> _WORK TO COMPLETE_
Write out again, word for word, the lines below from the line that holds "Украсила подставку под" through the line that holds "9:30~16:30|週4日", omitting pictures.
[EXCERPTED RECORDS — start]
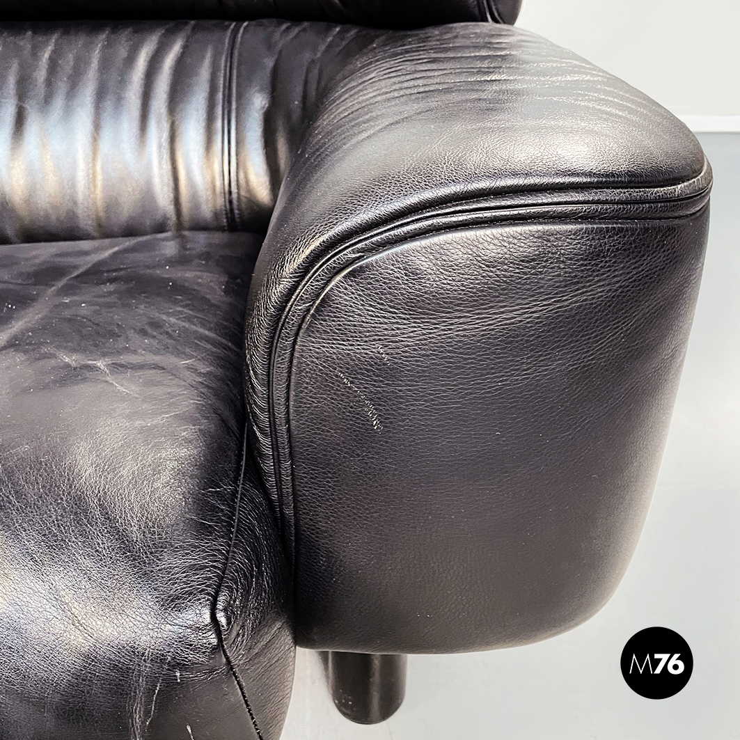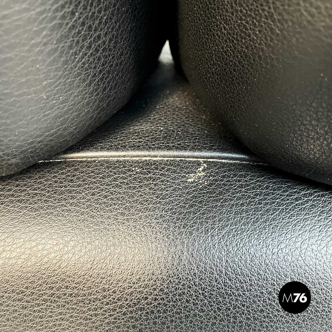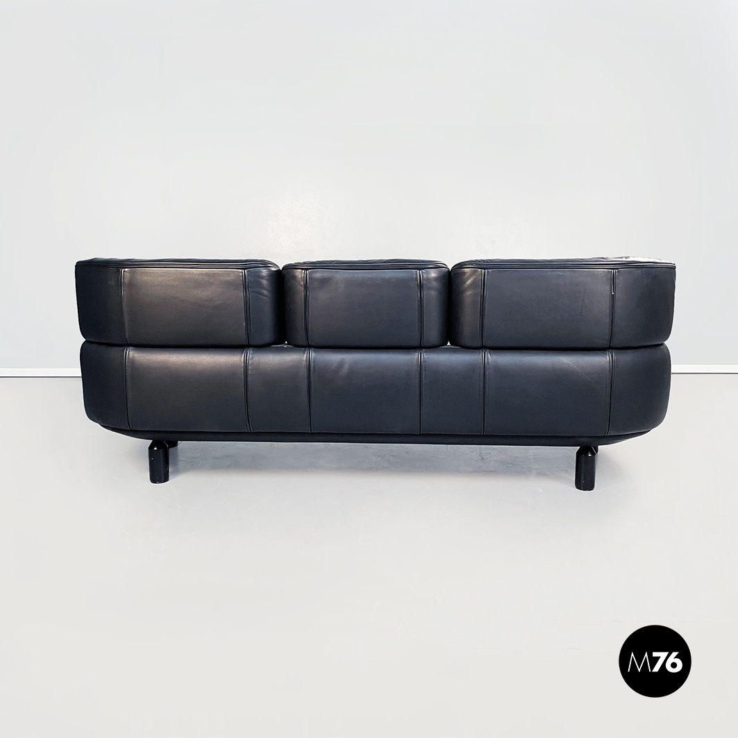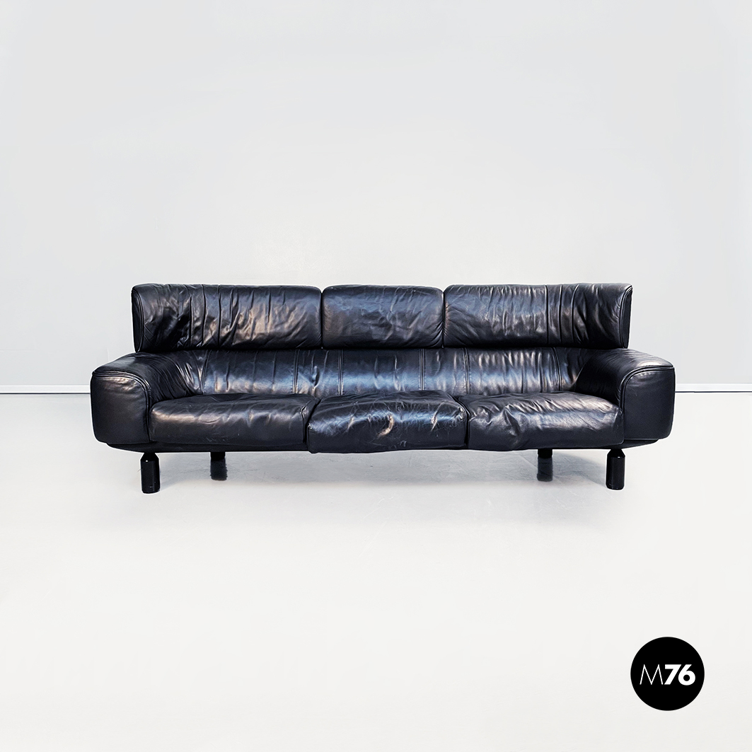 Divano tre posti modello Bull. La seduta rettangolare è composta da cuscini imbottiti e rivestiti in pelle nera. Lo schienale leggermente ricurvo ai lati è imbottito e rivestito in pelle nera. Le cerniere sono visibili sui braccioli e sullo schienale in pelle nera. I piedini cilindrici sono in legno verniciato nero e tendono a stringersi nella parte alta.
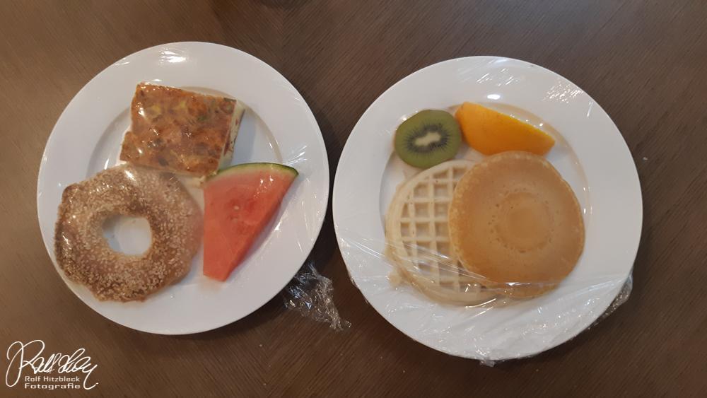 Aber kehren wir zu angenehmeren Dingen zurück. Ab 6.30 Uhr (also für uns schon fast Mittag) gab es Frühstück. Natürlich Corona-konform. Ich entschied mich für einen Teller einer Quiche, einem halben Bagel mit Melone sowie Waffeln/Pancakes. War gut.
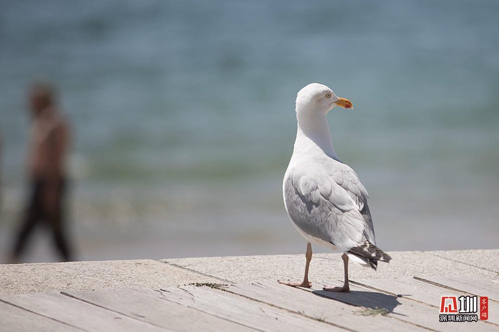 當地時間2020年5月16日,法國貝諾代,海鷗在海邊望海。
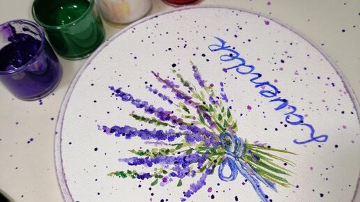 Украсила подставку под кружку, нарисовав лавандовый букет.
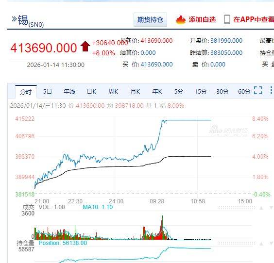 与此同时,有色金属也表现强势。伦敦金属交易所(LME)期锡价格也突破51000美元,再创历史新高。上期所沪锡期货主力合约触及涨停,涨幅8%。
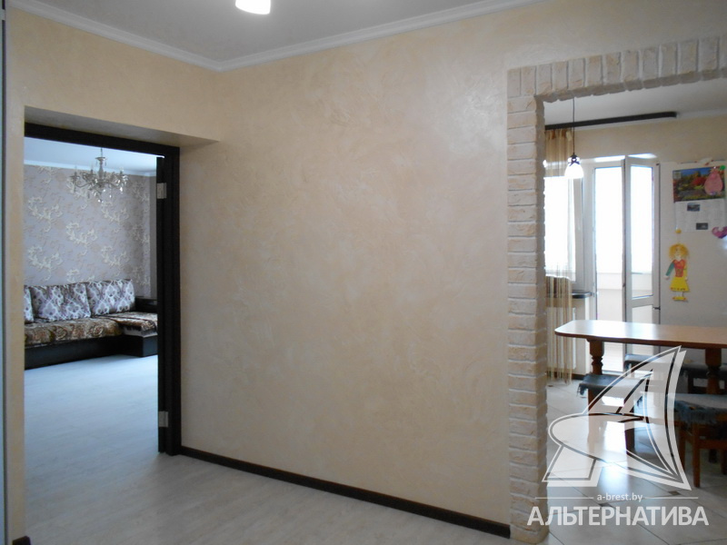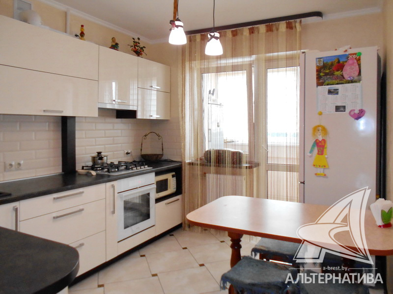 3-комнатная квартира, г. Брест, ул. Московская, 1996 г.п., 3 / 6 кирпич, 76,6 / 72,3 / 44,5 / 9,2, санузел раздельный, подвал, лоджия застеклена, двухкамерные стеклопакеты, межкомнатные двери – шпон, потолки - снежка, полы - ламинат и плитка (положены на стяжку), на стенах декоративная отделка венецианской штукатуркой, камнем, в санузле современная плитка, заменена сантехника, заменен полотенцесушитель, ванна, заменены сантехнические трубы, телефон, домофон. Кухонный гарнитур, варочная поверхность, духовой шкаф, вытяжка, обеденная группа. Шкаф-купе, гардеробная. Остальная мебель по договоренности. Квартира с хорошим ремонтом. Квартира расположена на две стороны. Все окна выходят во двор на зеленую зону. Чистый подъезд. Один пассажирский лифт. Во дворе игровая детская площадка.
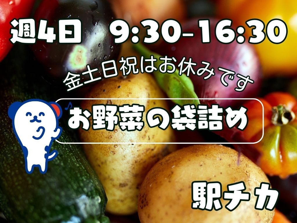 9:30~16:30|週4日♪・金土日休み・駅チカ・身近な野菜だから安心!未経験でも始めやすいんです★
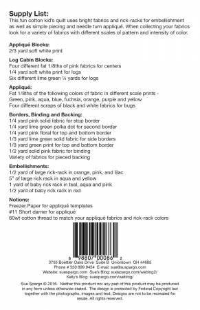 This fun cotton quilt uses bright fabrics and rick-racks for embellishment as well as simple piecing and needle turn applique.
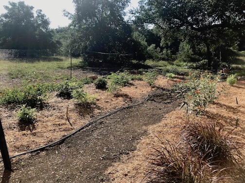 My husband and I planted a butterfly/hummingbird garden in the spring. We selected plants that were either native to our area in the Texas Hill Country or did well in our climate (heat and drought tolerant). We also tried to choose plants that were somewhat deer resistant. Because the deer, especially the young ones, will try almost anything.
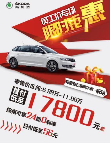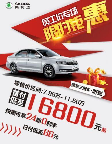 斯柯達昕銳員工價專場,限時(shí)钜惠,首付1.68萬起(qǐ),盡享2年0利率信貸政策,日付僅需66元,愛車立馬“貸”回家!
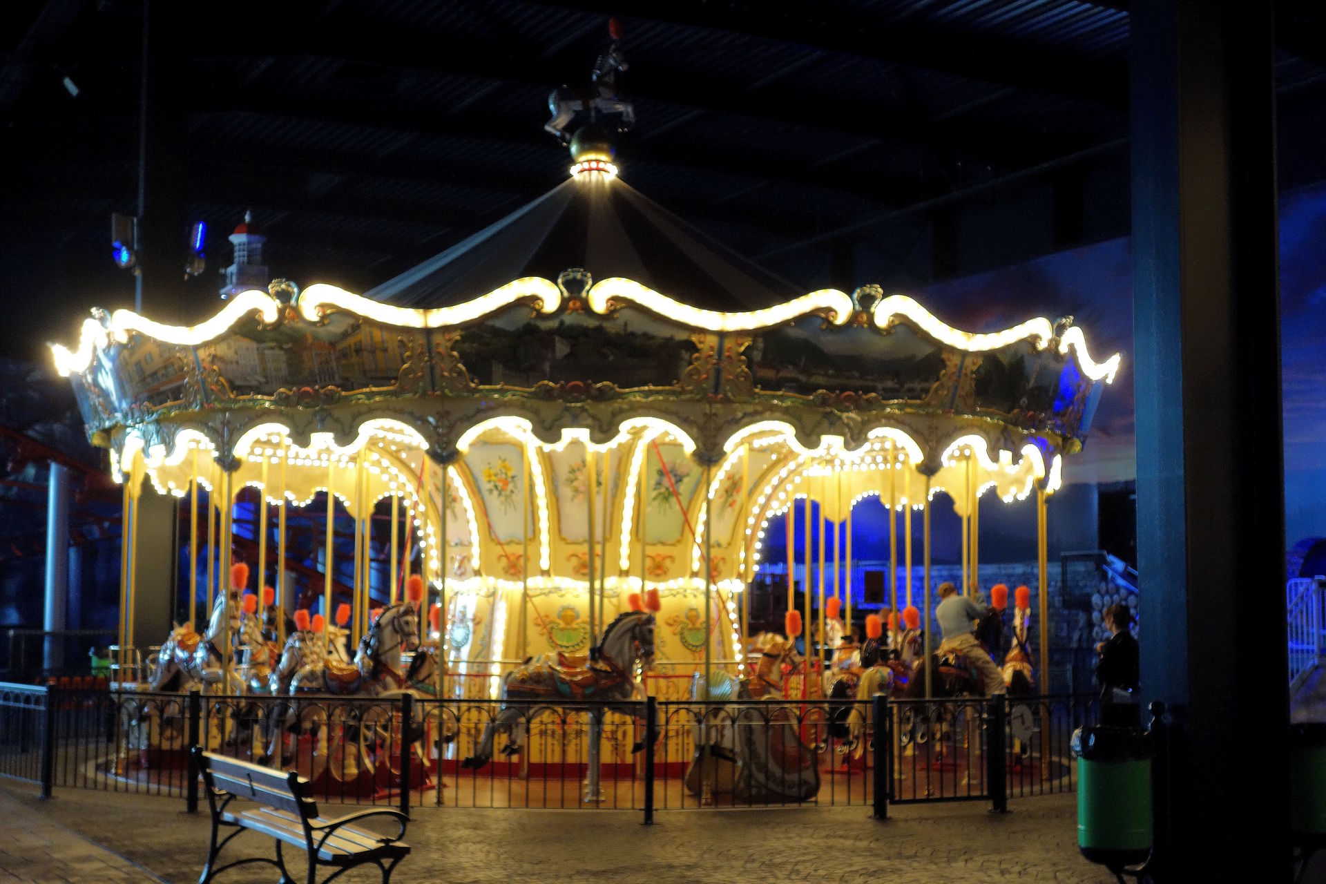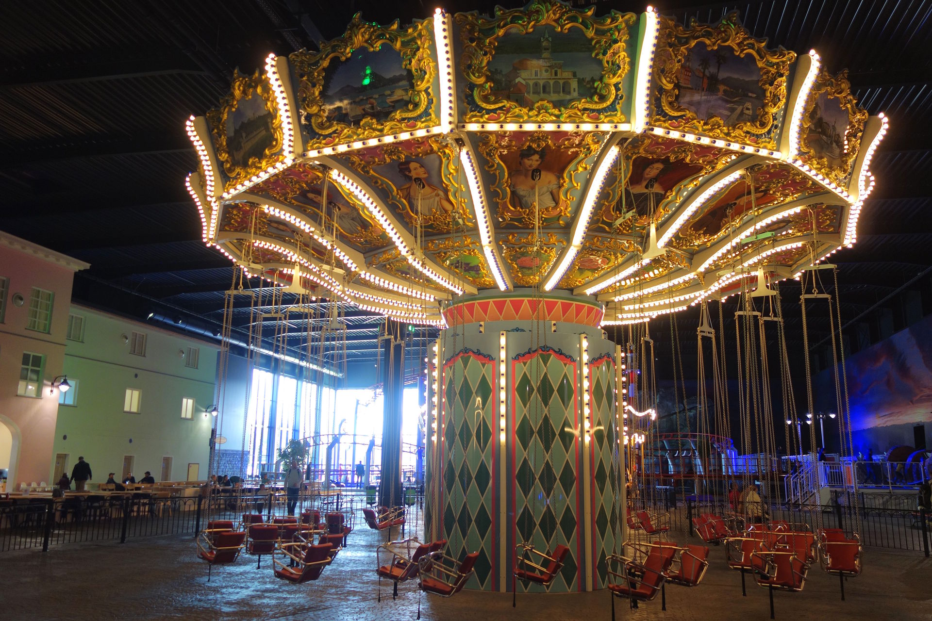 In der Mitte der Halle dreht noch ein klassisches Pferdekarussell seine Runden.
[EXCERPTED RECORDS — finish]
> _RESULT OF THE TASK_
 Украсила подставку под кружку, нарисовав лавандовый букет.
 与此同时,有色金属也表现强势。伦敦金属交易所(LME)期锡价格也突破51000美元,再创历史新高。上期所沪锡期货主力合约触及涨停,涨幅8%。
 3-комнатная квартира, г. Брест, ул. Московская, 1996 г.п., 3 / 6 кирпич, 76,6 / 72,3 / 44,5 / 9,2, санузел раздельный, подвал, лоджия застеклена, двухкамерные стеклопакеты, межкомнатные двери – шпон, потолки - снежка, полы - ламинат и плитка (положены на стяжку), на стенах декоративная отделка венецианской штукатуркой, камнем, в санузле современная плитка, заменена сантехника, заменен полотенцесушитель, ванна, заменены сантехнические трубы, телефон, домофон. Кухонный гарнитур, варочная поверхность, духовой шкаф, вытяжка, обеденная группа. Шкаф-купе, гардеробная. Остальная мебель по договоренности. Квартира с хорошим ремонтом. Квартира расположена на две стороны. Все окна выходят во двор на зеленую зону. Чистый подъезд. Один пассажирский лифт. Во дворе игровая детская площадка.
 9:30~16:30|週4日♪・金土日休み・駅チカ・身近な野菜だから安心!未経験でも始めやすいんです★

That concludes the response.